Если отнестись к этой идее всерьез, то Пруст – романист еще более посредственный, чем обычно считают. Ему ставят в вину «ограниченность описания Сен-Жерменского предместья» – но это тоже лесть. Даже в тех узких рамках, в которые нам так хотелось бы его втиснуть, Пруст нимало не утруждает себя систематическими исследованиями. Он вскользь заявляет, что Германты богаты, а кто-то еще разорился. Там, где сознательный романист представил бы нашему вниманию целый ворох документов, завещаний, описей, бухгалтерских книг, судебных решений, фондовых портфелей и облигаций, Пруст небрежно пересказывает какую-то болтовню за чашечкой чая – и при этом не ради нее самой, а зачем-то еще. Здесь нет ничего, что заслуживало бы громкого титула «исследования». Пруст даже не прибегает к уверенному тону и перечислениям разнообразных объектов с целью убедить нас, что он «привел все имеющиеся сведения».
Ни один из вопросов из сферы интересов социологии Пруста, казалось бы, не заботит. Отсюда мы заключаем, что проблемами общества романист не интересуется вовсе. Такое безразличие, полагаем ли мы его дурным или же похвальным, так и остается упущением, увечьем, понесенным на службе у особой эстетики и заставляющим вспомнить, как в классической трагедии автор не дает слова черни.
Мы знаем уже достаточно, чтобы отвергнуть эту ограничительную концепцию романического искусства. Истина романиста тотальна и охватывает все аспекты индивидуальной и коллективной жизни – даже пренебрегая некоторыми из них, роман задает для нас ясную перспективу. Социологи не находят в Прусте ничего напоминающего их собственные занятия, так как между социологией романа и социологией социологов существует фундаментальное противоречие. Оно касается не только решения проблемы или приложенных к его поиску методов, но самой ее постановки.

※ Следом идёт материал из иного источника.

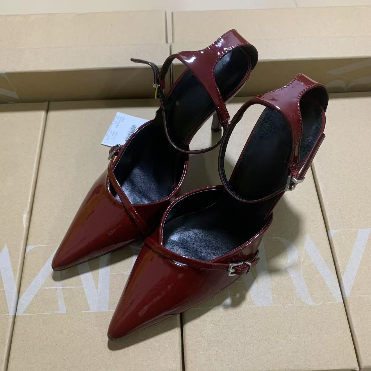 ZA Home 2025 Fashion New Pointed Women's Shoes Classic White Patent Leather Shallow Heel Stumbling Women's High Heel Sandals HZ0115
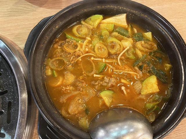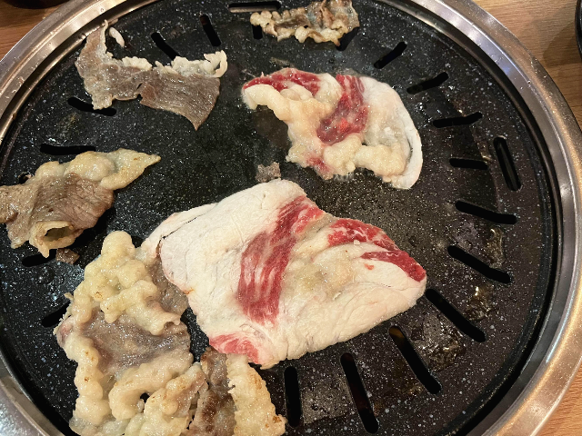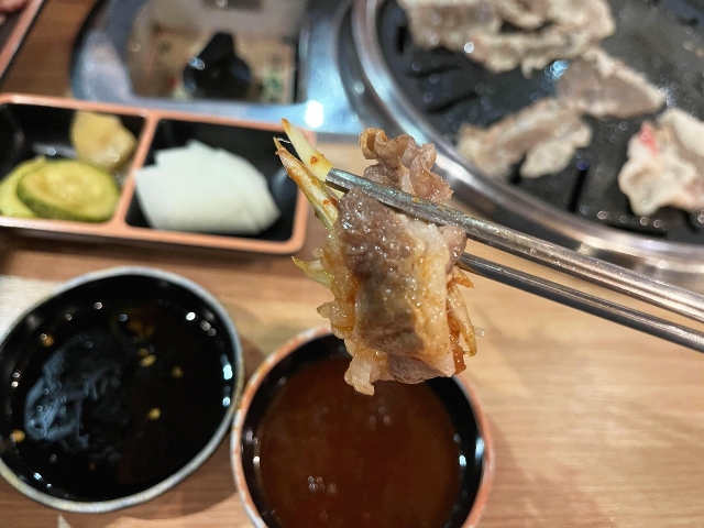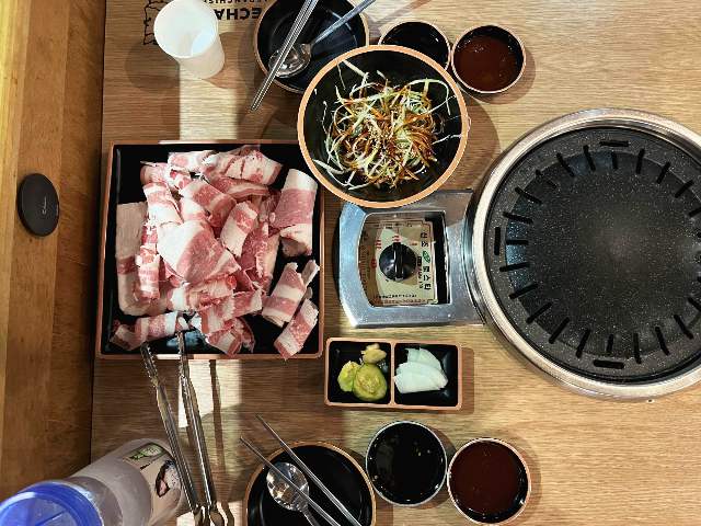 잘 구워진 차돌박이를 먹어보았습니다. 첫인상과는 다르게 고기는 맛있었습니다. 고기를 찍어먹는 소스가 달달하면서 매콤한 맛이 좋았는데요. 같이 나온 파절임의 소스도 맛있어서 파절임과 함께 먹으니 더욱 맛있었습니다.
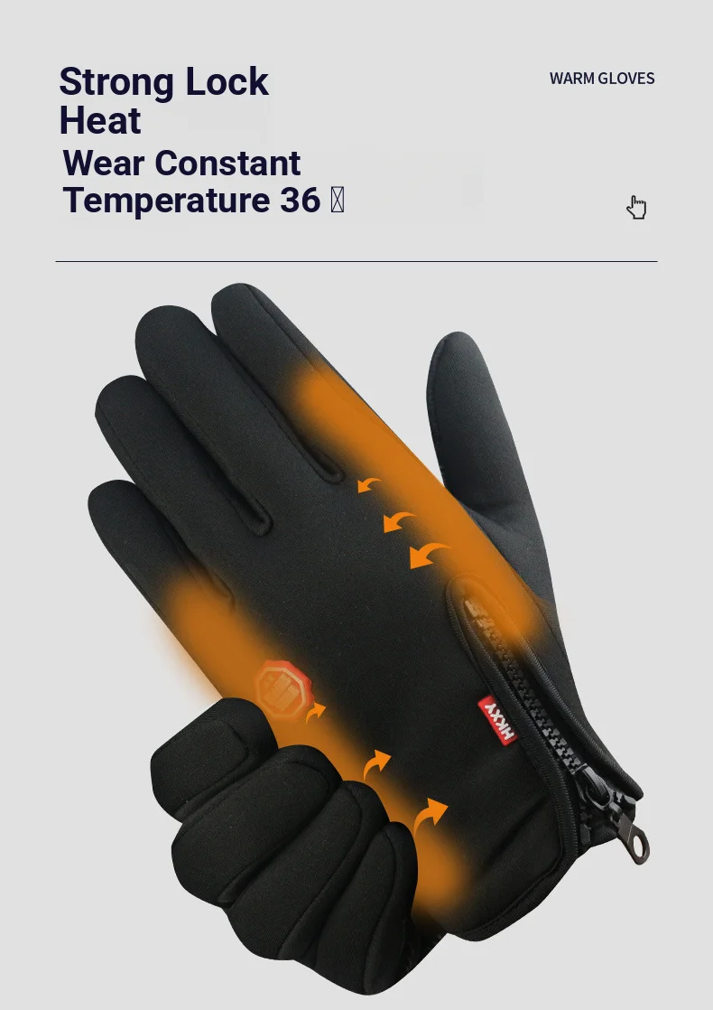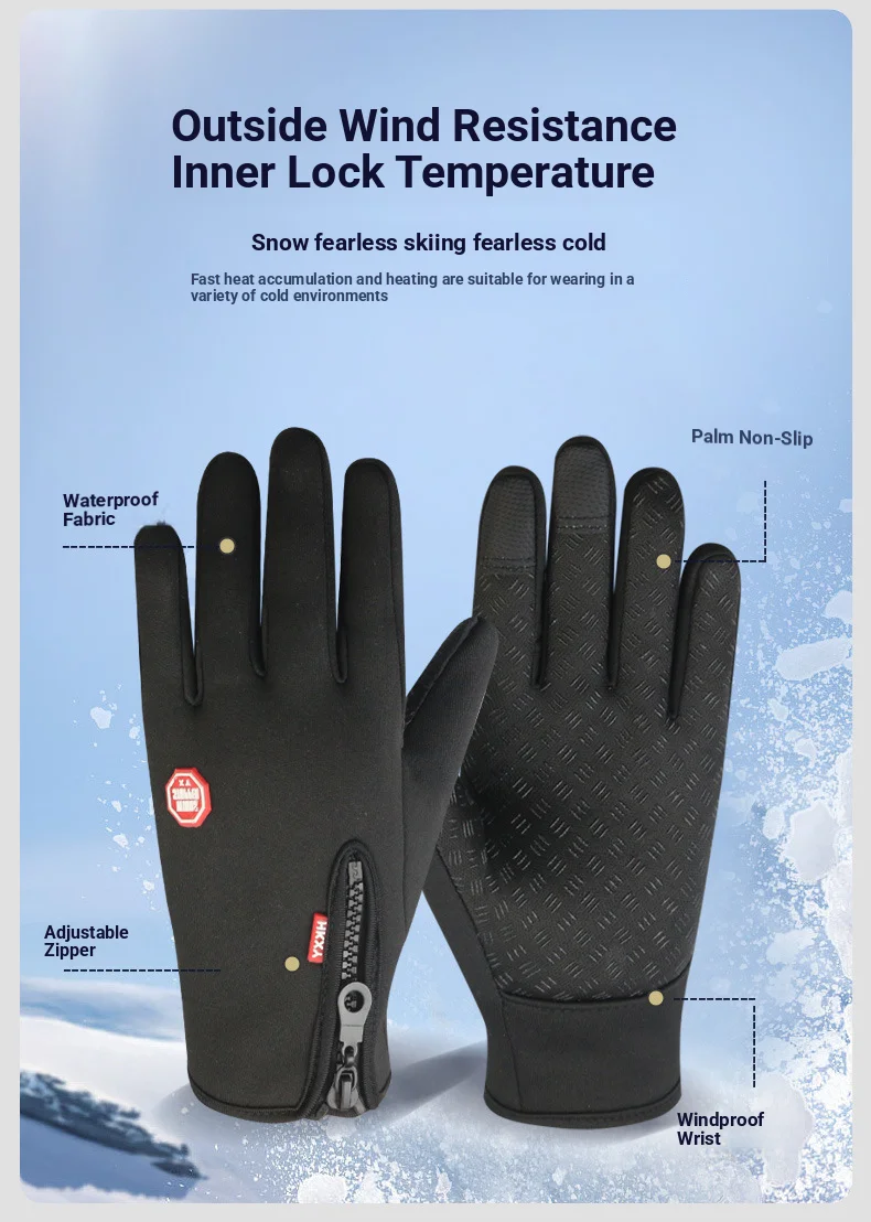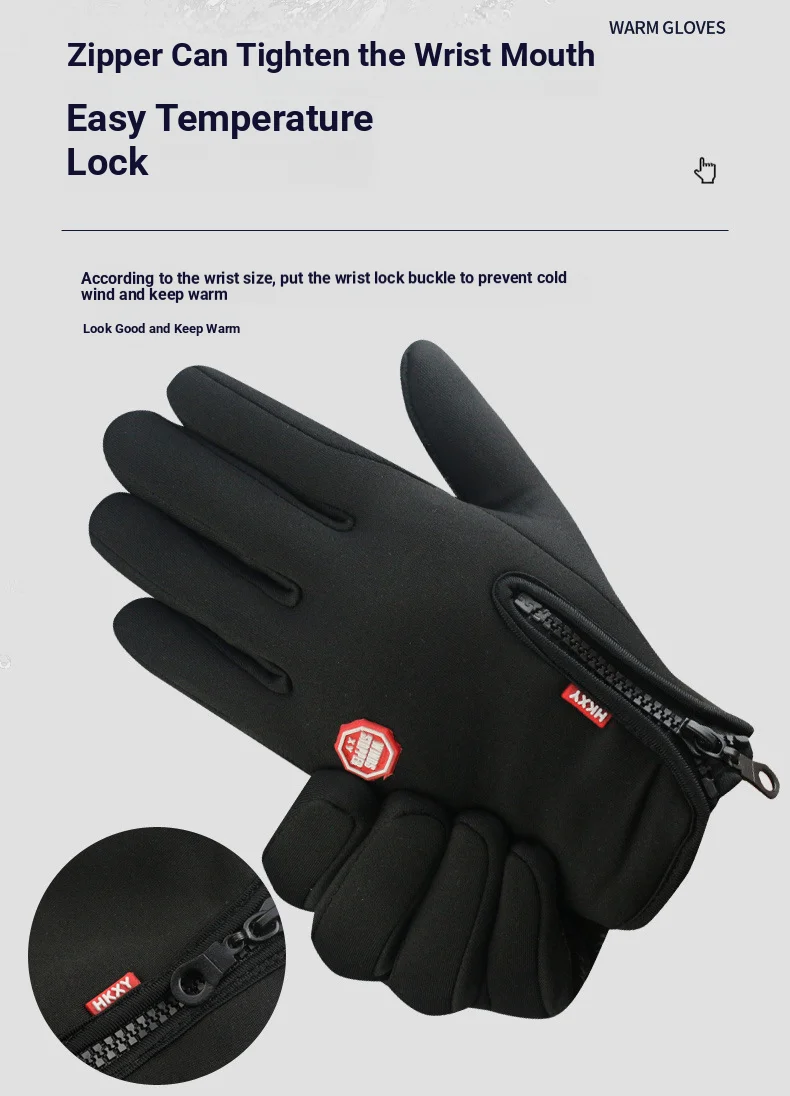Warm Gloves Outdoor Cycling Zipper Gloves Men's Winter Women's Cycling Touchscreen Motorcycle Waterproof Warm Gloves
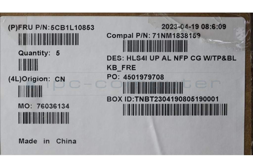 Lenovo 5CB1L10853 C-Cover with keyboard, French, Cloud Grey, Backlight, Non-Fingerprint, US
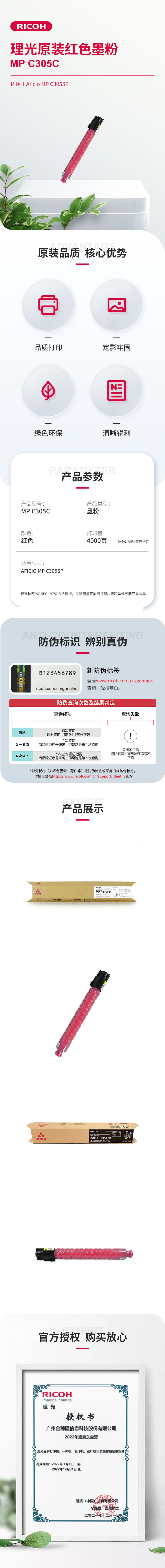 • 商品名稱:理光 紅色碳粉盒MP C305C型 - 1支(4,000頁)
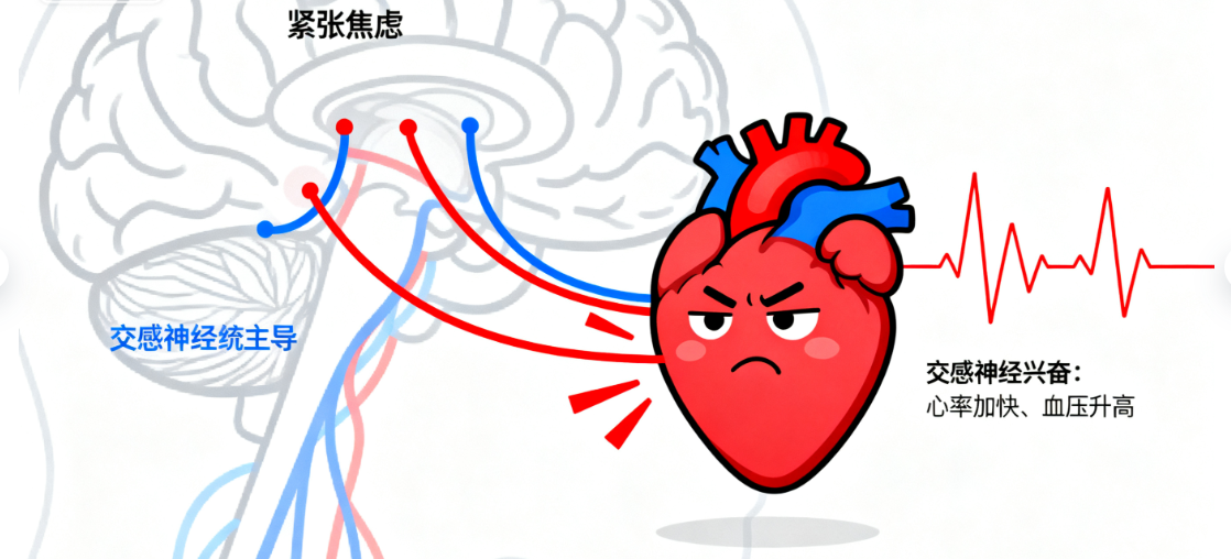 当你紧张、焦虑、愤怒时:大脑会启动“战斗或逃跑”模式,交感神经兴奋。它会命令身体释放肾上腺素、去甲肾上腺素等压力激素,导致心率加快、心肌收缩力增强、血压升高,以便为应对“威胁”做准备。这是一种正常的生理反应。但若长期处于这种状态,心脏就如同持续踩油门的发动机,得不到休息,节律稳定性自然会受到挑战。

В глазах социолога Сен-Жерменское предместье – без сомнения, крошечный, но вполне реальный кусочек социального пейзажа. Его границы кажутся настолько четкими, что никаких вопросов он не вызывает. Однако по мере проникновения в прустовское творчество эти границы размываются. Попав наконец к Германтам, рассказчик испытывает ужасное разочарование: он констатирует, что здесь думают и говорят точно так же, как и в прочих домах. Сущность предместья будто бы исчезает. Салон Германтов утрачивает индивидуальность и сливается с мутной серостью знакомых окружений.